Russian wheelchair curler

Marat Marsovich Romanov (Мара́т Ма́рсович Рома́нов; born 5 June 1966) is a Russian wheelchair curler playing as alternate for the Russian wheelchair curling team. He and his team won the silver medal at the 2014 Paralympic Games, gold medals at the 2012, 2015, and 2016 World Championships, and the silver medal at the 2017 World Championships

==Biography==
Marat Romanov was born on 5 June 1966 in Chelyabinsk, Russian SFSR, Soviet Union. After school, Marat was trained as an assistant engine driver and spent a few years in the Soviet Navy before getting the job of a smelter at the Chelyabinsk Metallurgical Plant. In his spare time, he enjoyed mountaineering.

Romanov came to curling after a car accident in 1996, after which he received a vertebral compression fracture. He also did basketball and arm wrestling. In May 2007 he formed a curling team in Chelyabinsk, where he was a skip.

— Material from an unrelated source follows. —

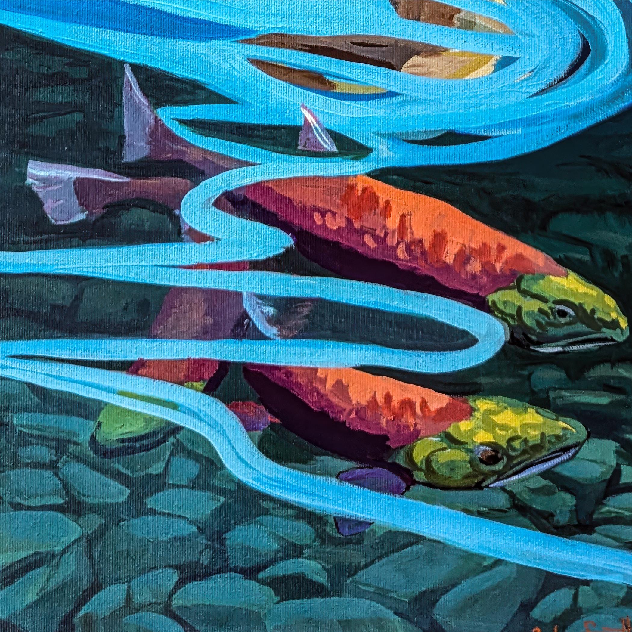 Painted in layered acrylic, this work emphasizes bold shapes, shifting light, and the movement of water, connecting above and below into a single, continuous experience.
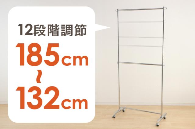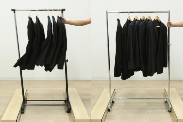服をかけても、移動しても、グラつかない耐荷重116kgタイプのパイプハンガーです!

In 2009, he graduated from the Department of Physical Education at the Ural State Academy of Physical Education in Chelyabinsk.

== Awards ==
- Medal of the Order "For Merit to the Fatherland" I class (17 March 2014) – for the huge contribution to the development of physical culture and sports, and for the high athletic performances at the 2014 Paralympic Winter Games in Sochi
- Merited Master of Sports of Russia (2013)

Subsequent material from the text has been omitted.